Notez que des trois menswearmusings est le seul à être resté fidèle à la pochette, par fidélité au hanky code sartorial. Leur timing est amusant, mais guère surprenant. Les influenceurs fonctionnent tous de la même façon ; leur cerveau n’a qu’un logiciel, celui des algorithmes, et comme si cela ne suffisait pas, ils se copient les uns les autres.

Il était d'ailleurs sapé de la même façon pour la dernière édition du Pitti Uomo, qui tient maintenant plus du rassemblement de COTOREP que du trade show.
D'ailleurs sans surprise il n'était pas le seul, puisque cette année il y avait une chiée de chemise en denim au Pitti.

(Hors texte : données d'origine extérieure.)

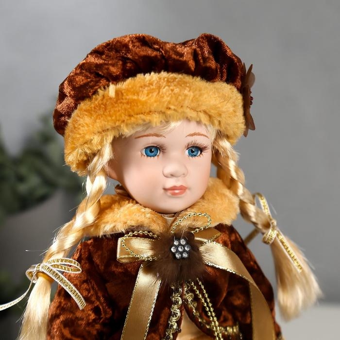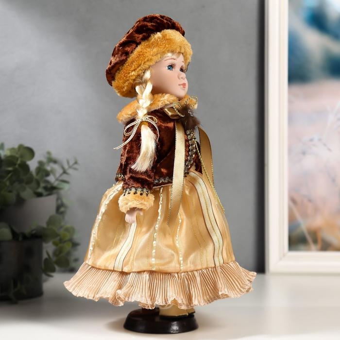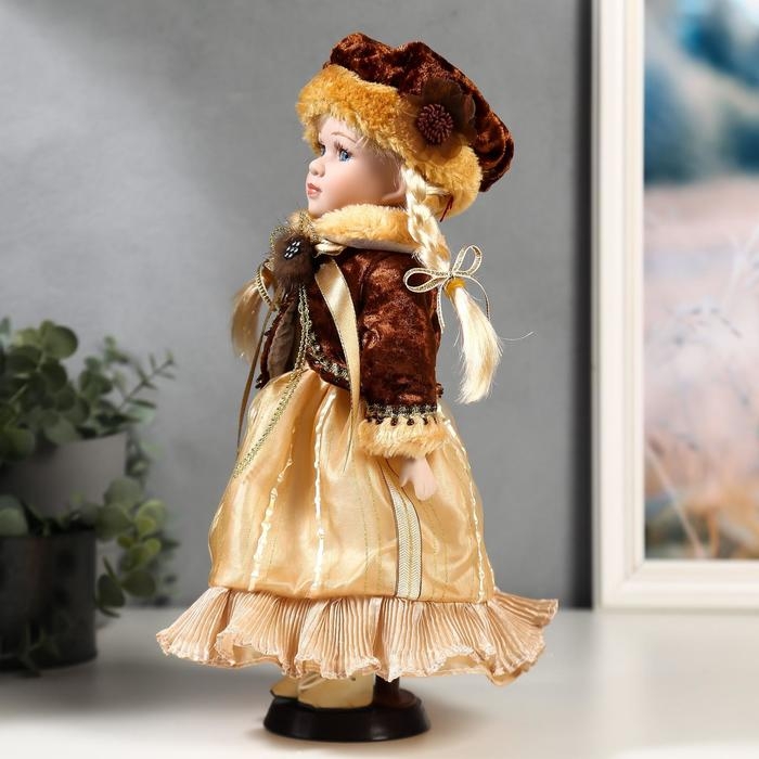 Кукла коллекционная керамика "Лида в золотом платье и бархатной шубке" 30 см
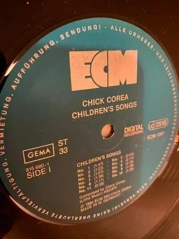"Children's Songs" est un album du pianiste de jazz Chick Corea, enregistré en juillet 1983 et paru chez ECM l'année suivante. Le trio comprend la violoniste Ida Kavafian et le violoncelliste Fred Sherry. Label:ECM Records – ECM 1267, ECM Records – 815 680-1 Format:Vinyle, LP, Album, Stereo Pays:Germany Sortie:1984 Genre:Jazz, Classical Style:Contemporary Etat: Pochette VG; disque VG (Usure des sillons notable et légères rayures. Le bruit de surface ne submergera pas la musique) Envoi rapide et soigné

La tendance est actée car on la retrouvait aussi à la Fashion Week, avec une forte présence du denim on denim, aka the canadian tuxedo, aka le look du lumberjack pédé.

Ça existe depuis les années 70, et c'est toujours aussi moche.

L'origine du mal
En ce qui concerne les influenceurs, cela les arrange. Ils n’ont également qu’un seul sujet de prédilection à la fois : globalement, pour eux, il n’y a qu’UN style : celui qu’ils prônent, celui des marques qui veulent bien leur donner de l’argent. Les types fonctionnent donc tous en unisson, puisqu’ils vont là où il y a de l’argent à prendre. À une époque, c’était la guerre des cravates 7 plis, des pochettes roulottées mains et tout le monde se battait pour savoir "qui c'est qui avait le Goodyear le plus durable de la planète dans le meilleur couir du monde". Aujourd’hui, c’est la chemise en denim western fabriquée À LEUH JAPON. Car en réalité, les influenceurs n’aiment pas LE vêtement, ils aiment l’argent. Si demain leur niche venait à s’assécher, ils se lanceraient dans un sujet parallèle où ils pourraient conserver une partie de leur audience : les cigares, les steaks, les spiritueux ou les salons de massage, pour eux, c’est la même chose. Notez, je ne leur reproche pas d’aimer l’argent, c’est très bien l’argent. À mon sens, il est plus grave qu’ils aient tous autant de personnalité qu’une serpillière à foutre, et qu’ils pensent découvrir l’eau chaude à chaque fois que les tendances changent. Ces gens sont des girouettes perpétuelles. Il faudrait faire une étude de faisabilité pour voir s'ils peuvent permettre de fournir une petite ville de province en électricité tant ils moulinent dans le vent.
Pour Crouton et Moss, avant 2019, le denim, ça n’existait pour ainsi dire pas. L’un pensait que c’était un tissu avec lequel on pouvait faire des costumes croisés bespoke chez Chifonelli ou des collaborations avec un chemisier italien ; l’autre n’en portait pratiquement jamais, en dehors du " casual friday", et jamais avec une veste sport. Je n’ai pas été vérifier pour Zottolo, parce que, franchement, j’aurais trop l’impression de consulter un numéro de "Têtu".
Par curiosité, j’ai été voir ce que Simone avait en stock sur son blog sur le sujet du jean. En 2014, il pense que c’est une matière intéressante, au même titre que les vestes rase pet trop étroites et les grigris à porter au poignet, car cela permet de "saper le conservatisme attaché au costume". On croirait entendre une féministe intersectionnelle à la fête de l'Huma… et le pire c'est que c'est une citation.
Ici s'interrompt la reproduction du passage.